Can hand, foot, and mouth disease cause complications?
Most cases are mild, but enterovirus 71 can rarely lead to viral meningitis or encephalitis (CDC).
How to tell if my child is dehydrated from mouth sores?
Look for fewer wet diapers, dry mouth and lips, no tears when crying, and sunken eyes. Contact a doctor if these appear (HealthyChildren.org).
Can pregnant women get hand, foot, and mouth disease?
Yes. Pregnant women should avoid close contact with infected individuals. The risk to the fetus is low, but it’s best to take precautions (CDC).
Should I keep my child home from school with HFMD?
Yes. Keep your child home until the fever is gone for 24 hours without fever-reducing medicine and the mouth sores have healed (HealthyChildren.org).

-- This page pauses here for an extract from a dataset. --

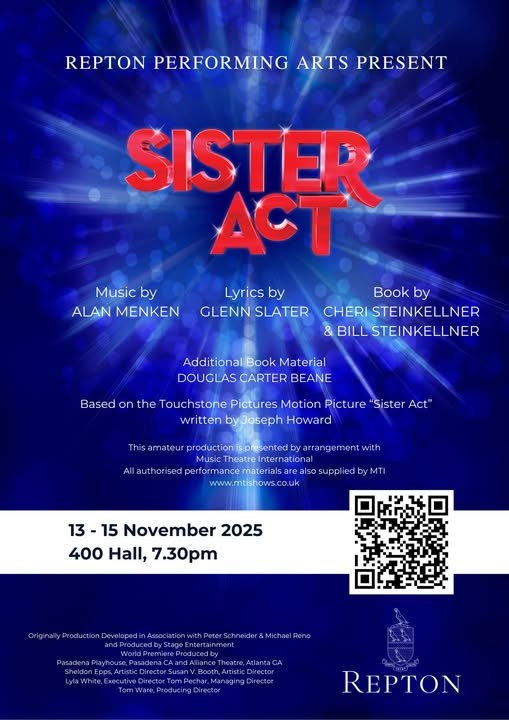 Repton Performing Arts presents: Sister Act 🎶 Get ready for an unforgettable night of music, laughter and joy as Repton pupils take to the stage in the hit musical comedy Sister Act! 📅 Thursday 13 – Saturday 15 November 2025 | 7:30PM 📍 400 Hall Theatre, Repton School 🎟️ Tickets: £12 Adults | £6 Concessions (including one complimentary drink) 👉 https://reptonschoolevents.littleboxoffice.com/browse?language=en All profits will be donated to South Derbyshire CVS, supporting the local Food Hub to help tackle food poverty in our community. With uplifting gospel-inspired music, dazzling dance numbers and endless energy, Sister Act is guaranteed to raise the roof - and your spirits! #ReptonSchool #ReptonPerformingArts #SisterAct #MusicalTheatre #ReptonCommunity #SouthDerbyshireCVS (fb)
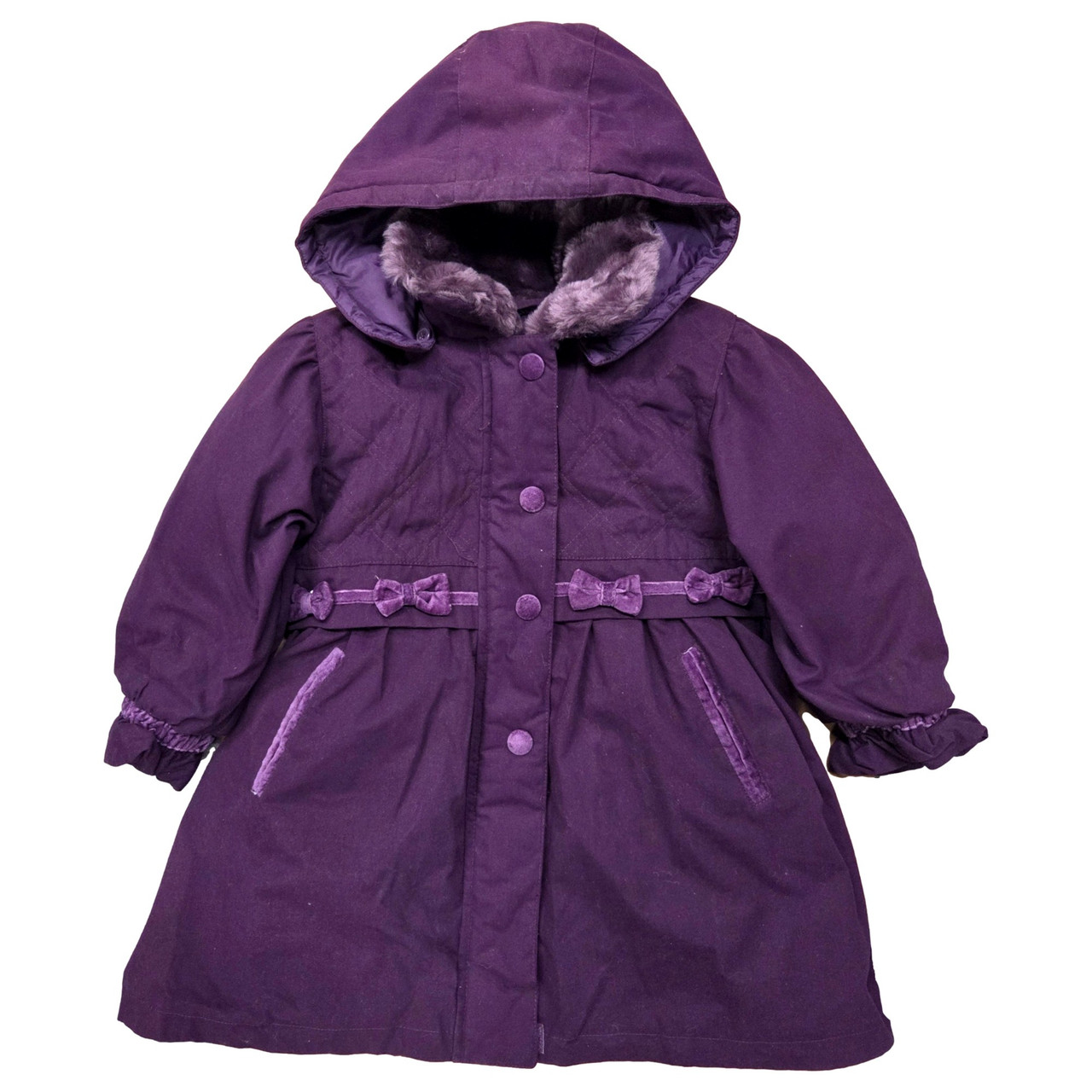 - Outbrook Girls Purple Padded Dress Coat With Bows & Detachable Hood

Can hand, foot, and mouth disease affect nails?
Some children experience nail shedding a few weeks after HFMD. It is temporary and nails grow back normally (CDC).
What is the difference between HFMD and chickenpox?
Chickenpox causes an itchy, blister-like rash all over the body, while HFMD’s rash is usually on the hands, feet, and mouth. Chickenpox also has a vaccine, while HFMD does not (Mayo Clinic).
For parents and caregivers in the U.S., the choice is clear: stock up on acetaminophen, cold treats, and patience. The catch for caregivers is that there is no shortcut — but understanding the progression means you can act early, keep your child comfortable, and protect the rest of the household from a second round.